Komplikasi Umum dari Operasi Pembesaran Payudara
 Encyclopedic 
 PRE       NEXT 
Komplikasi operasi pembesaran payudara meliputi kontraksi kapsuler dan pengerasan payudara, yang dapat dicegah atau diminimalkan melalui pemijatan dini; ketidakpuasan terhadap bentuk atau ukuran; bekas luka di lokasi sayatan (bekas luka terjadi pada semua jenis sayatan, meskipun penjahitan yang teliti dan jahitan pengurang tegangan subkutan dapat meminimalkan bekas luka); laktasi; kebocoran atau pecahnya implan;Infeksi: Teknik aseptik yang buruk selama operasi, pembentukan hematoma, dan pembukaan luka dapat berkontribusi pada infeksi.
Kontraksi kapsuler dan pengerasan payudara: Kapsul gel silikon merupakan benda asing yang signifikan, memicu reaksi jaringan yang membentuk kapsul fibrosa. Penyebab pasti masih belum jelas tetapi mungkin terkait dengan hematoma, pembedahan kantong yang tidak memadai, atau kebocoran minyak silikon.Pijatan dini dapat membantu mencegah atau meredakan hal ini. Kasus yang parah mungkin memerlukan pengangkatan implan, pelepasan kapsul, dan jika diperlukan, reseksi sebagian kapsul. Kantong implan harus diperluas kembali sebelum implan dipasang kembali, atau implan yang lebih kecil (sekitar 30 ml lebih kecil dari ukuran asli) dapat digunakan.
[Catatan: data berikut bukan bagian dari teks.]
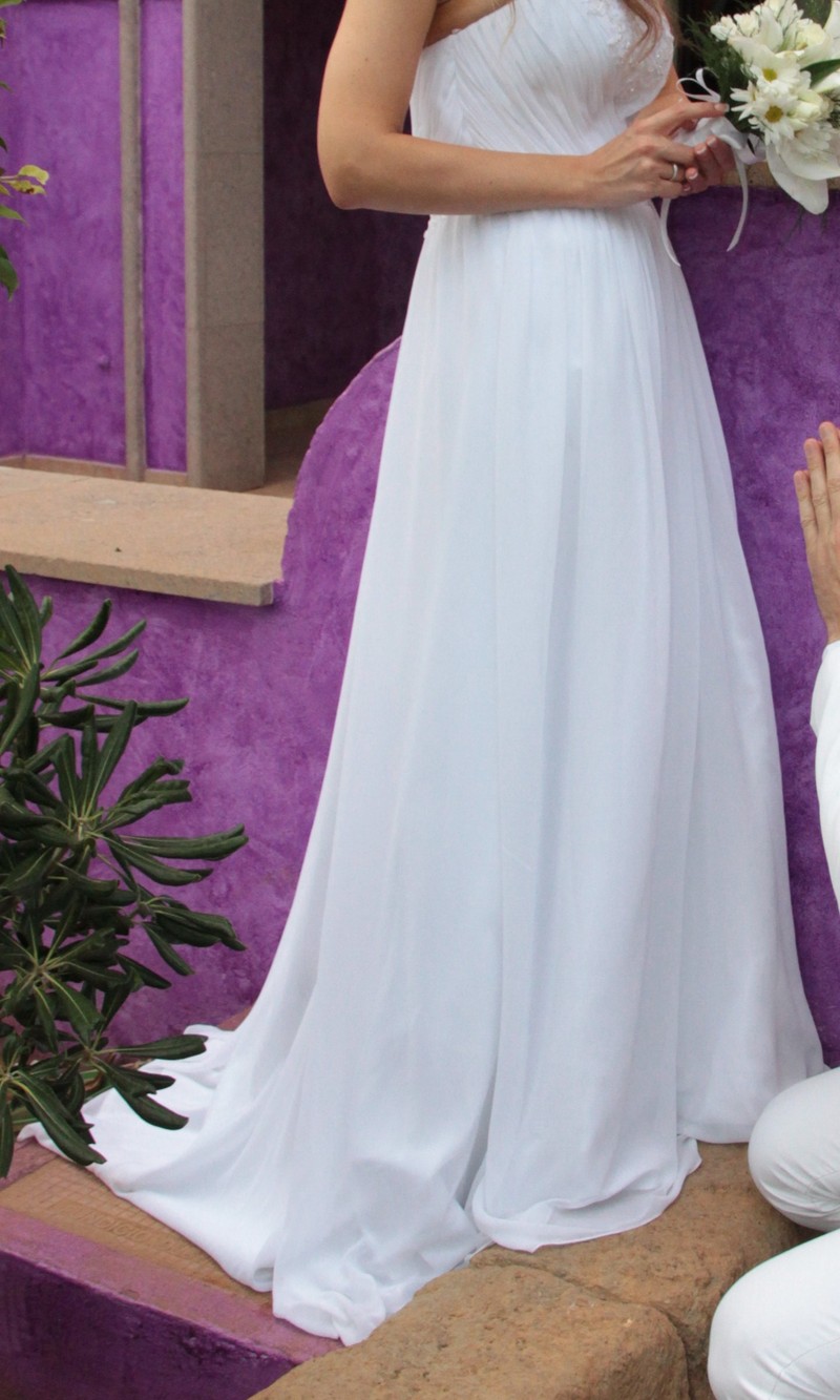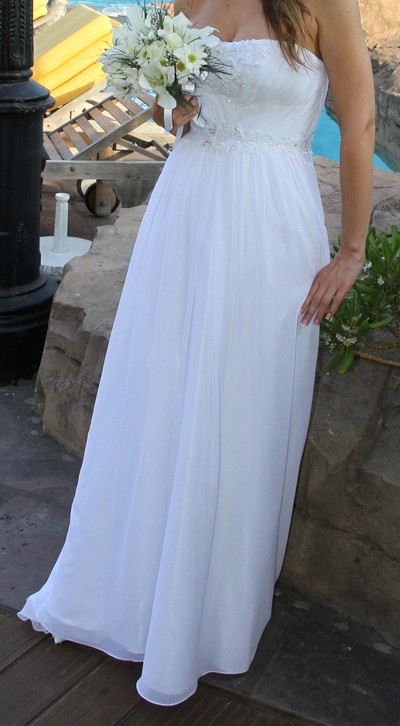 Платье в стиле ампир (салон Медовый Месяц), р. 42 ( -) (s-m), цвет белый. Не венчанное. Одевала один раз, в идеальном состоянии (не требует химчистки, так как одевалось на пару часов для церимонии на Канарских островах). Состоит из двух слоев, с изысканным шлейфом, сзади шнуровка. На рост 160-170 см каблук. (Подходит девушкам в положении. ) |
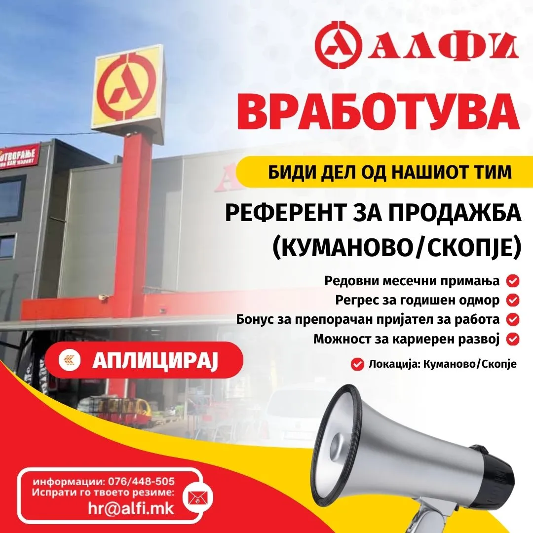 Вашето резиме (CV) доставете ни го на [најави се за да го видиш е-маилот] , со ознака „Персонал за продажба (Скопје) или (Куманово)“
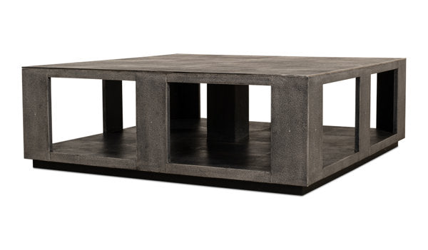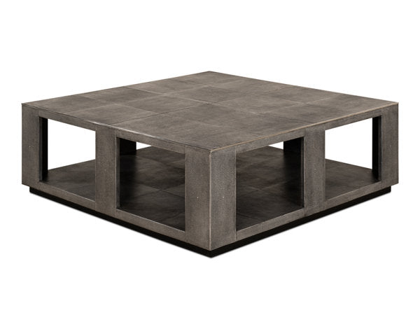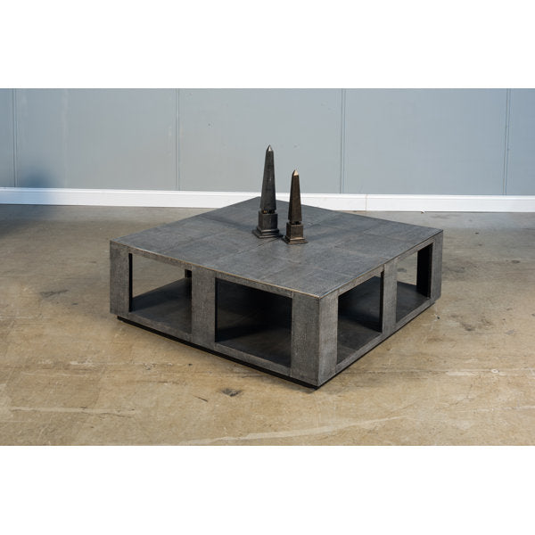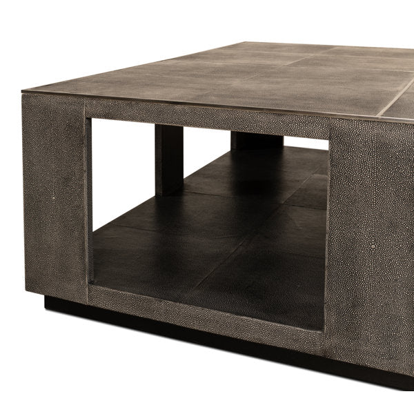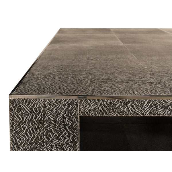 A sizable coffee table with subtle stainless steel accents. Shagreen leather. Notice that the small platform base is slightly recessed. Display space on the bottom shelf.

Bentuk yang tidak memuaskan: Karena keterbatasan otot pectoralis major, implan tidak dapat ditempatkan dekat garis tengah, sehingga menghasilkan lekuk payudara yang tidak jelas.Selain itu, pembedahan berlebihan di atas payudara dikombinasikan dengan pembedahan yang tidak memadai di bawahnya dapat mengangkat posisi payudara, menyebabkan kontur yang tidak alami. Yang pertama harus dibahas dengan pasien sebelumnya, sementara yang terakhir memerlukan pembedahan ulang di bagian bawah dan pembalutan kompresi.Setelah implan dipasang, jika pasien merasa ukuran terlalu besar atau terlalu kecil, implan dapat diganti. Namun, penggantian sebaiknya dihindari jika memungkinkan, karena operasi ulang dapat menimbulkan komplikasi baru.
Bekas luka: Semua sayatan menyebabkan bekas luka. Jahitan yang teliti dan jahitan subkutan untuk mengurangi tegangan dapat meminimalkan visibilitas bekas luka.
Laktasi: Sebagian kecil pasien mungkin mengalami laktasi sementara akibat stimulasi implan, yang biasanya hilang dalam beberapa minggu tanpa obat.
Kebocoran atau pecahnya implan: Hal ini terjadi akibat kualitas implan yang buruk atau trauma lokal pada payudara, ditandai dengan kemerahan, pembengkakan, dan ketidaknyamanan. Sayatan harus dibuka kembali untuk mengangkat implan yang pecah dan minyak silikon, membersihkan kantong secara menyeluruh, dan memasang implan baru.
Infeksi: Teknik aseptik yang buruk selama operasi, pembentukan hematoma, atau luka yang terbuka kembali dapat menyebabkan infeksi. Pengangkatan segera implan diperlukan, diikuti dengan pengobatan antiinfeksi. Reimplantasi hanya boleh dilakukan setelah luka sembuh dan infeksi sepenuhnya sembuh.